Dobbiamo chiederci: oltre al Management, di chi altri è
la responsabilità per le lacune, insufficienze e quant’altro
palesate nella sfilza dei controlli? E’ mai possibile
che nessuno ha capito che i cc.dd. “Bilanci consolidati
di Gruppo” erano costruiti con lo scanner di comunissimi
Computers?
Un prima risposta, a mio avviso “onesta ed illuminante”,
la si può ricavare dal passaggio testuale contenuto
nella Relazione di rito per l’anno 2003, letta nelle
Aule Parlamentari dal Presidente della Commissione Nazionale
per le Società e la Borsa (CONSOB), ove fra l’altro
è detto:
“”I potenziali conflitti tra i diversi interessi
possono portare gli intermediari a incentivare collocamenti
obbligazionari da parte di società o gruppi nei confronti
dei quali non ritengono di incrementare la propria esposizione.””
Alla luce dei disastri finanziari vissuti, possiamo dire
subito e, forse con maggiore precisione, che:
• Il conflitto di interessi nel mondo bancario, non
è stato solo potenziale, bensì concreto e permanente;
• Il collocamento delle obbligazioni emesse sul mercato
mobiliare dalla Cirio, Parmalat, Giacomelli etc., non è
stato solo incentivato, ma anche promosso e sponsorizzato
nei confronti ed in danno dei piccoli risparmiatori, in genere
clienti delle stesse Banche; d’altronde, le medesime
obbligazioni, per le stesse ragioni scoperte successivamente,
non avrebbero certamente potuto trovare investitori istituzionali,
nazionali o esteri, in modo particolare nelle grandi Banche
d’affari;
• Le Banche, scegliendo il “prestito obbligazionario”

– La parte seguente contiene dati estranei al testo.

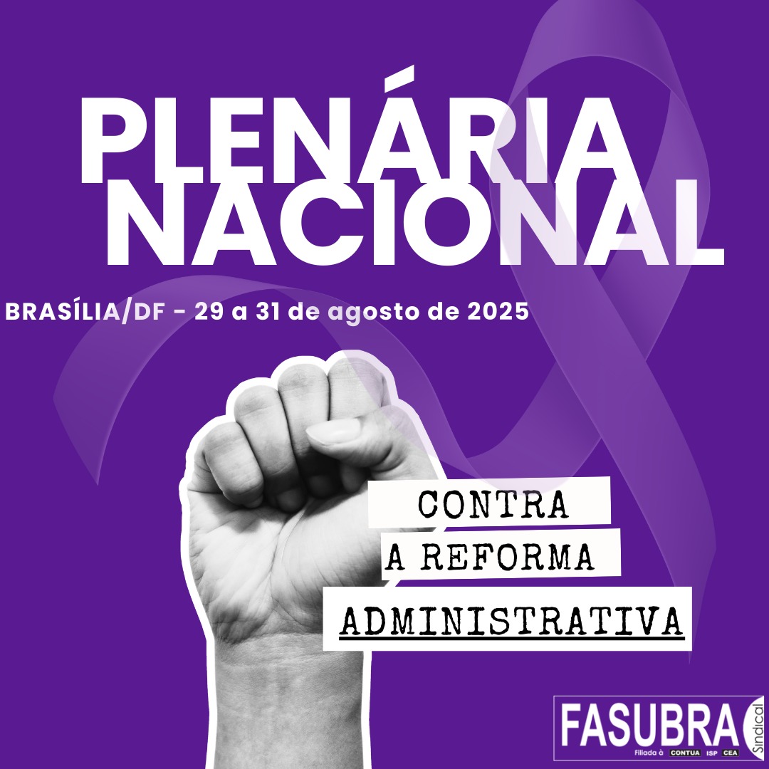Nos dias 29, 30 e 31 de agosto, a FASUBRA Sindical realizará a Plenária Nacional, em Brasília/DF, reunindo delegados(as) representando as entidades de base. O encontro terá como objetivo debater a conjuntura atual e deliberar sobre temas de interesse da categoria, definindo, a partir dessas discussões, os encaminhamentos para o próximo período.

al “merito creditizio”, hanno di fatto rinunciato
alla verifica attenta e ponderata circa la veridicità
delle scritture contabili obbligatorie, primo fra tutte del
Bilancio di Esercizio, contribuendo, non sappiamo ancora quanto
passivamente, ad alimentare la dimensione dell’enorme
danno patrimoniale perpetrato in danno della collettività;
• Così facendo, hanno trasferito di fatto i rischi
dell’investimento obbligazionario sull’ignaro
risparmiatore, beneficiando, di converso, del duplice effetto
positivo ottenuto tanto dalle commissioni per il servizio
prestato (opera di collocazione del prodotto finanziario),
ovvero, quale obiettivo sicuramente più ambito, quello
di “rientrare” dalle diverse e già ragguardevoli
esposizioni.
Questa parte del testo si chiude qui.